With a perfect season behind her - a clean golden sweep at the 2019 World Para Alpine Skiing Championships, overall crystal globe at the World Cup and an undefeated race streak - there is only one more thing Marie Bochet wants - to improve.
The French perfectionist was her usual humble self in Morzine, France on the last day of this season’s World Cup competition despite her outstanding record.
“The globe is very special for me because it shows your consistency as an athlete, but I already also have a few things to work on next,” said Bochet after carrying her undefeated streak through to the last race at the World Cup finals. “It’s nice because when I think of that, I think that I will have more to achieve next season.”
Bochet has been a role model across the race classes this season with female and male skiers aspiring to replicate her golden journey. The French skier, however, is happy that the pressure of extending her winning streak is over.
“Every race there is pressure because for every race you have to get gold. You don’t have one race you can rest for,” Bochet said. “I know that the girls are just behind me and not too far, and every time I need to be at the top so I’m very happy to finish this season.”
There was one globe that Bochet did miss this season, the overall title in slalom, which went to one of her closest friends on the circuit, Canada’s Frederique Turgeon.
Germany’s Anna-Maria Rieder finished second in the final slalom race in Morzine, with Turgeon’s teammate Alana Ramsay coming in third.
Sit ski rodeo
The overall World Cup victories were already assured to Norway’s Jesper Pedersen and Japan’s Momoka Muraoka after the earlier races, but the ever-competitive sit skiers proved unwilling to take it easy in the season’s final race.
After trailing Jeroen Kampschreur in all five races at the 2019 Worlds, Pedersen got his revenge on the final day of competition where he not only took the overall crystal globe, but also beat the Dutch five-time world champion in his signature slalom by 0.51 seconds.

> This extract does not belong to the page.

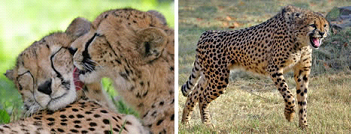 獵豹又稱(chēng)印度豹,是一種較大型貓科動(dòng)物。它們也是奔跑速度最快的陸上動(dòng)物,可以三秒內從靜止加速到每小時(shí)64英里(約合每小時(shí)103公里)的速度。它們腰部較細,胸部較長(cháng)。除了這些特點(diǎn)以外,它們眼角還會(huì )流下黑色的“眼淚”。這種“眼淚”其實(shí)就是從眼角到嘴角的兩條黑色條紋。與真正的大型貓科動(dòng)物不同的是,獵豹只能咕嚕咕嚕地發(fā)出喉音,但不會(huì )咆哮。

“It’s been my big goal all season so it’s just great to be back, especially when I had six months in bed because of the heart infection,” said Pedersen, who was prohibited from skiing until a few weeks before the start of the World Cup season.
“When I started off in January, I didn’t have that many expectations but of course I always want to be the best and today I showed that I am the best.”
Kampschreur finished second to Pedersen, with the winner of the first slalom race in Morzine Igor Sikorski of Poland taking the last spot on the podium.
Japan’s Muraoka also ended the season on a high. Despite coming second to her main rival Anna-Lena Forster in all the slalom races, her consistency across all disciplines this season earned her the overall World Cup title.
“I did my best so I can get that place,” Momoka said. “It’s a very good season for me and it was my first overall crystal globe.”
Germany’s Forster topped the overall slalom ranking with her undefeated track record in the discipline, while USA’s Laurie Stephens finished the last race in Morzine in third.
Menna Fitzpatrick and guide Jennifer Kehoe were swept up in a triple celebration on the last day of competition in Morzine. Their victory in the slalom and the quest for the overall crystal globe coincided perfectly with the third-year anniversary of the day when they became the first British skiers to win an overall World Cup title.
“I think we both changed and grown stronger together,” Fitzpatrick said of the pair’s progress over the last three seasons. “It’s still great to be able to do what we love, to do it with passion and still have fun at the same time.”
“We know a bit more of what we’re doing,” Kehoe added with a laugh.
Winning a bronze in the last race was a pleasant surprise for Robin Cuche who had only one podium finish before Morzine.
The Swiss standing skier jumped from fifth to third thanks to a solid second run, to land on the podium behind French champion Arthur Bauchet and Finland’s Santeri Kiiveri.
“I didn’t expect that at the beginning of the season,” said the speed specialist. “Like I said to my coaches yesterday, I ate a little bit too much chocolate this season. Too many fourth places for me.”
Overall World Cup winner Miroslav Haraus was victorious yet again in the men’s vision impaired. The Slovakian skier and his guide Maros Hudik took wins in both slalom races in Morzine with France’s Thomas Civade and guide Kerwan Larmet following in second.
Fellow French pair Hyacinthe Deleplace and guide Maxime Jourdan were third in their first World Cup season.
“It was an incredible season,” Deleplace said. “If you told me [about the medals] at the start of the season, I would tell you, ‘No, it’s not possible,’ but we are here and we have four medals in the World Cup.”